ICL was supposed to start paying super-profits into the fund, but so far that hasn’t happened. Why is that?
“I don’t know. It not the responsibility of the investment committee or the council. What happens is that it’s the taxation system that collects the money. We don’t intervene in their considerations.”
How much money do you estimate will accumulate in the fund in the future?
“There are all kinds of estimates of the amounts that will accumulate. Israel has now renewed licenses for gas exploration, and when it comes to gas exports, we are dependent on prices. It’s difficult to know what prices can be expected to do in the future. There’s no doubt that, over the years, it will add up to a substantial amount.”
Personal: 68 years old, married with four children. Lives in Mevaseret Zion.

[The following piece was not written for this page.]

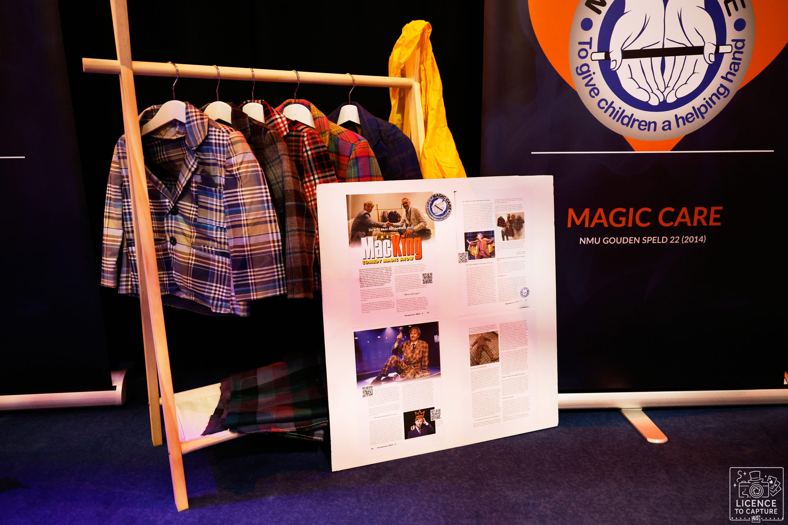 Tussen de shows door was er voldoende tijd om de stand te bezoeken van Magic Care. Marlies Greve (voorzitter en lid van NBG) vertelde vol enthousiasme over de inzet van de vele vrijwilligers voor deze stichting die zeer goed werk doen. Ook hingen op een klein kapstokje de XXXS geruite jasjes netjes op een rij. Deze zijn gebruikt door Marcel Verbakel voor een interview met Mac King en door deze living legend gesigneerd (te lezen in de Escamoteur en Informagie). Daar kon op geboden worden.
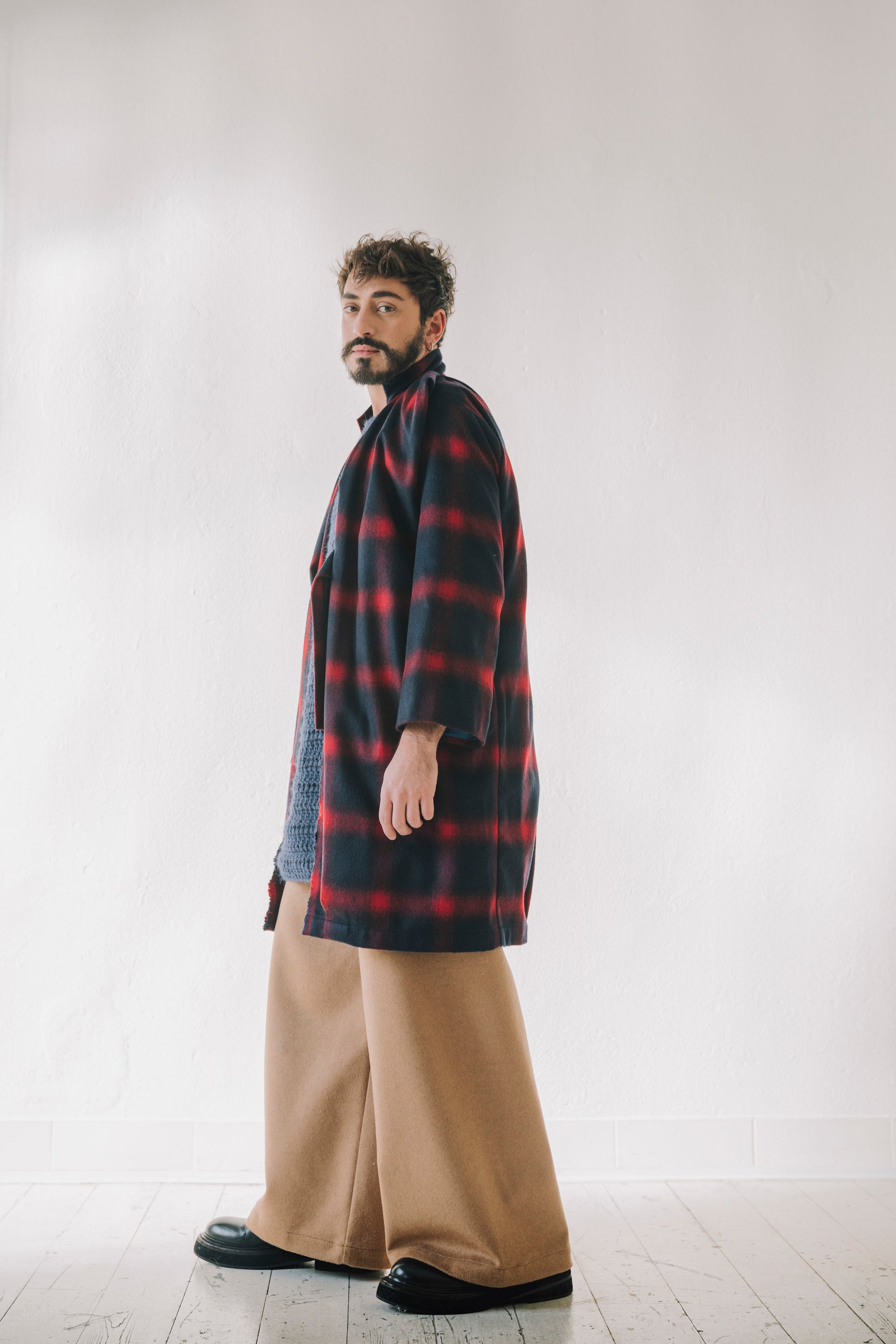 This midi coat in recycled wool by Manteco or Re.VerSo is a timeless and gender-neutral piece. Made in Italy with high quality materials it has been designed making use of the distinctive zero-waste technique, a special feature of ZEROBARRACENTO.

Professional: Served in the IDF from 1972 to 1977. Discharged with the rank of major. Holds a first degree with honors in economics and a second degree in economics and international relations from the Hebrew University of Jerusalem. Worked in the Budgets Division of the Ministry of Finance and then joined ICL (Israel Chemicals). Served as president and CEO of ICL Fertilizers Europe. In 2007, was appointed director general of the Ministry of Finance, a post he held until 2009. In 2011, founded a consultancy in economics and strategy. In 2019, was appointed chairperson of the Executive Committee of the Board of Governors of Ben Gurion University of the Negev.
Ariav headed the steering committee for the accession of Israel to the OECD, and was an important figure in implementing economic and social reforms.
Published by Globes, Israel business news – en.globes.co.il – on June 20, 2022.